Курт. Снимите наручники и повязку. (Охранники выполняют его приказание).

Саул (осматривается, узнает Курта, восклицает без удивления, вяло и безнадежно). Курт!

Курт. Да, Саул, это я, именно я, Курт.

Саул. Ты здесь? Но где мы? Что это такое?

Курт. Это лагерный театр. Там партер, публика. Мы на сцене.

Саул. Но мы…

Курт. Ты хочешь сказать: «Что ты тут делаешь?» Ты прав, Саул. Итак, я — комендант лагеря.

Саул. Комендант лагеря. Но ты же был тогда яростным противником…

Курт. Говори, говори, не бойся: яростным противником нацизма. Это верно. Но потом я тоже нашел свою дорогу к Дамаску. Прозрение, эх, эх! Я тоже был обращен. А точнее, вскоре после того, как тебя арестовали. И вот теперь я тут, Саул, комендант лагеря.

Саул. Ты — комендант лагеря. Так что же ты медлишь и не исполняешь свой долг?

Курт. Интересно, а в чем же заключается по-твоему мой долг?

Саул. Я восстал. Твой долг, следовательно, наказать меня, то есть, как вы говорите, ликвидировать.

Курт. Успокойся, Саул, никто не собирается тебя ликвидировать.

Саул, Может быть, тебя плохо информировали?

Курт. Ты не восставал. Ты всего лишь дал необходимые предпосылки для этого представления.

Саул. Не понимаю. Какого представления?

Курт. Я велел привести тебя сюда, Саул, потому что ты актер. И я хочу, чтобы в качестве актера ты участвовал в одном культурном эксперименте в этом лагере.

Саул. Культурный эксперимент? Но что это за эксперимент?

Курт. Исполнение «Эдипа-паря» Софокла.

Саул. «Эдип-царь»? Но мне никто ничего не сказал.
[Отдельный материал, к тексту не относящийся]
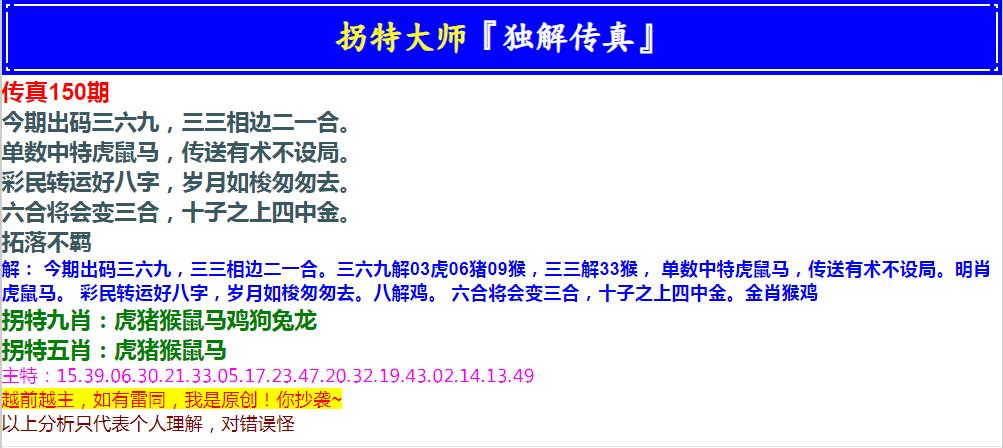 150期拐特大师澳门传真[图]

У меня не было текста, я не видел других актеров, не знаю режиссера, не был на репетициях, я никак не подготовлен к этому. Что все это означает? Не сошел ли ты, случаем, с ума?
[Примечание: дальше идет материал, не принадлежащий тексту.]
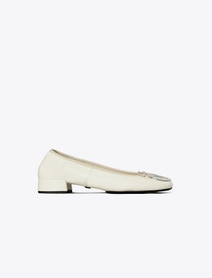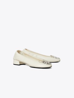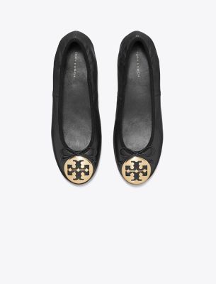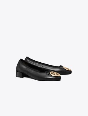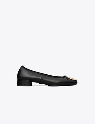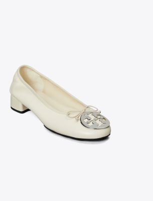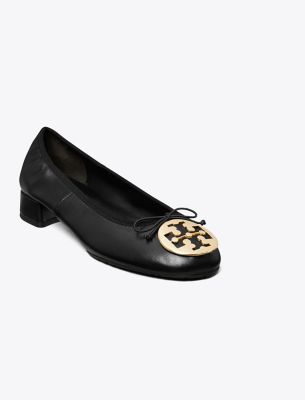 Our iconic flat is updated with a low block heel and delicate bow. Crafted from super-soft leather with an elasticated top edge. The signature medallion, in a sleek beveled shape, molds perfectly to your foot. A variation on the new Reva ballet, a reimagined version of the original iconic flat, launched in 2006 and named after Tory’s mom. Crafted in partnership with a Leather Working Group-certified tannery, supporting high standards in leather manufacturing and chemical management.• Approximately 0.98″ (25mm) heel • Napa leather upper; elastic binding and bow • Metal logo coin • Cushioned leather footbed • Napa leather lining • Rubber sole • Dust bag included • Style number : 179311

Курт. Не повышай голос, Саул. Наверное, ты не до конца понимаешь, кто ты на самом деле.

Саул. Конечно, понимаю — заключенный.

Курт. А что такое заключенный?

Саул. Горе — вот что такое быть заключенным, горе.

Курт. Нет, Саул, заключение — это не горе или во всяком случае, горе — это не главное, что отличает его. Я тоже могу быть исполнен горя, может быть, даже очень страдаю. И все же я не заключенный. Нет, Саул, заключенный — это предмет.

Саул. Предмет? А почему не отброс, обломок, отребье?

Курт. Конечно, ты вправе в какой-то мере так называть своих товарищей здесь в лагере. Это действительно человеческое отребье. Но ты, Саул, в отличной форме, у тебя цветущий вид, поэтому ты не отребье, а предмет.

Саул. Хорошо сохранившийся.

Курт. Именно так, Саул. Ты хорошо сохранившийся предмет и именно потому, что ты предмет, у тебя нет имени, а есть номер, который и был выжжен у тебя на руке. Покажи руку, Саул.

Саул пристально смотрит на Курта, поднимает рукав и показывает выжженный на руке номер.

Курт. Видишь, Саул, ты предмет и отличаешься от других подобных тебе предметов только номером. Ты предмет, пойми это, и я, комендант лагеря, могу сделать с тобой все, что захочу. Так, например, я временно возвращаю тебе твое первоначальное качество человека и так же временно позволяю этому человеку, то есть тебе, быть тем, кем ты был прежде, — актером. Но это все, Саул, совсем все.

Саул. Предмет! Но предметы не действуют, а находятся там, куда их помещают. Так скажи мне, где я должен быть: здесь, там или еще где-нибудь?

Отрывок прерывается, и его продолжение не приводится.